— AVAILABLE DATA —

- - -

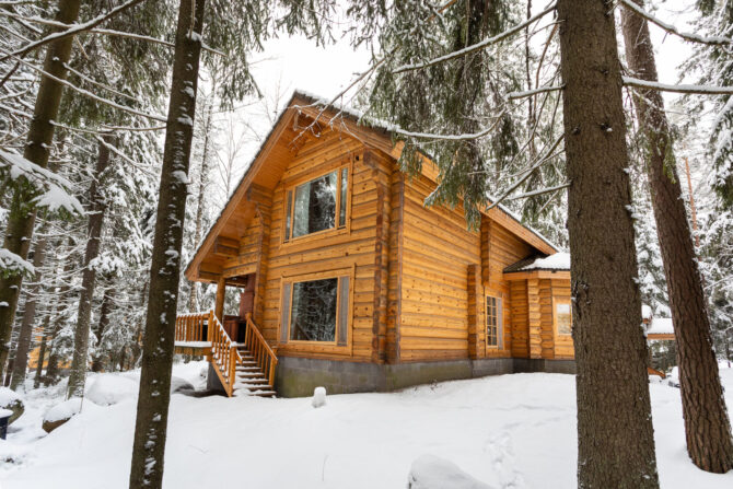 - “Hut”– a full house of 130 m2 cost from 13900r/17800r. Accommodates 4-6 guests. It is located in a coniferous forest 70 meters from the lake, which makes it a more private and secluded housing. A dishwasher with tablets and a fireplace are added to the equipment. The space is larger, the rooms are more spacious, the bedrooms have panoramic windows and views of the forest. Under the canopy there is a comfortable built-in barbecue and a large table with benches. Guests park at the house.
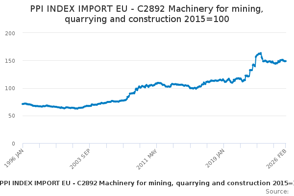 Download this time seriesPPI INDEX IMPORT EU - C2892 Machinery for mining, quarrying and construction 2015=100
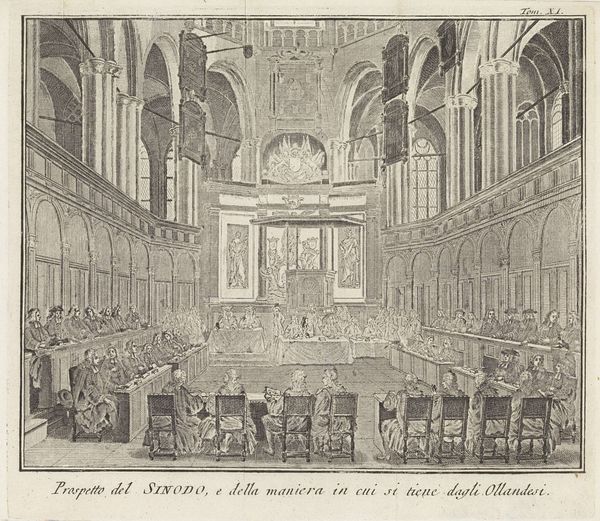 Curator: The piece before us, rendered meticulously by Nicolaas van Frankendaal in 1774, is entitled "Interieur van de schouwburg te Amsterdam," which translates to "Interior of the Theater in Amsterdam." It’s an engraving currently held in the Rijksmuseum. Editor: It's stunning. The sheer density of the crowd, packed into this grand hall, is what immediately jumps out. And that receding perspective really gives you a sense of the theater's depth and volume, the tiers upon tiers… almost overwhelming. Curator: The depiction offers a window into the cultural life of Amsterdam during the Dutch Golden Age, capturing the ambiance of theatrical entertainment. The presence of a genre painting style is quite evident as well. Notice how the engraving medium allows for incredibly detailed rendering of the audience and the architectural elements. Editor: Definitely, but who had access to such spaces? Looking closely, it feels almost entirely composed of what we might assume were elite members of society. What kinds of performances did this social structure promote or even limit, consciously or unconsciously? It reflects the stark class divisions of the time, I think. Curator: Precisely. Public spaces like theaters have always been sites of social negotiation and power. In this piece, the gaze is directed both ways. The audience observes the play, but the artist, and by extension, we as viewers, are also observing the audience. How does the representation itself contribute to or challenge prevailing social norms? The choice of a panoramic perspective reinforces the impression of the theater as a contained microcosm of Amsterdam society. Editor: Thinking about the architecture and how it positions bodies reminds me how power is staged spatially too, not just on stage. These gilded boxes reinforce hierarchical social arrangements. Curator: An artwork like this urges us to look beyond just aesthetic appreciation. It enables us to contemplate on social norms and politics around spaces for art as they shift over centuries. Editor: Agreed, seeing it today prompts reflection on how far we’ve come in making cultural spaces accessible, and reminds us of how much further we must go in creating equitable and truly inclusive environments.

- - -

— WHAT YOU HAVE TO DO —
Look at the listing and set down only the lines from its start through the line with "Download this time", word for word and without pictures.

— WRITTEN RESPONSE —
 - “Hut”– a full house of 130 m2 cost from 13900r/17800r. Accommodates 4-6 guests. It is located in a coniferous forest 70 meters from the lake, which makes it a more private and secluded housing. A dishwasher with tablets and a fireplace are added to the equipment. The space is larger, the rooms are more spacious, the bedrooms have panoramic windows and views of the forest. Under the canopy there is a comfortable built-in barbecue and a large table with benches. Guests park at the house.
 Download this time seriesPPI INDEX IMPORT EU - C2892 Machinery for mining, quarrying and construction 2015=100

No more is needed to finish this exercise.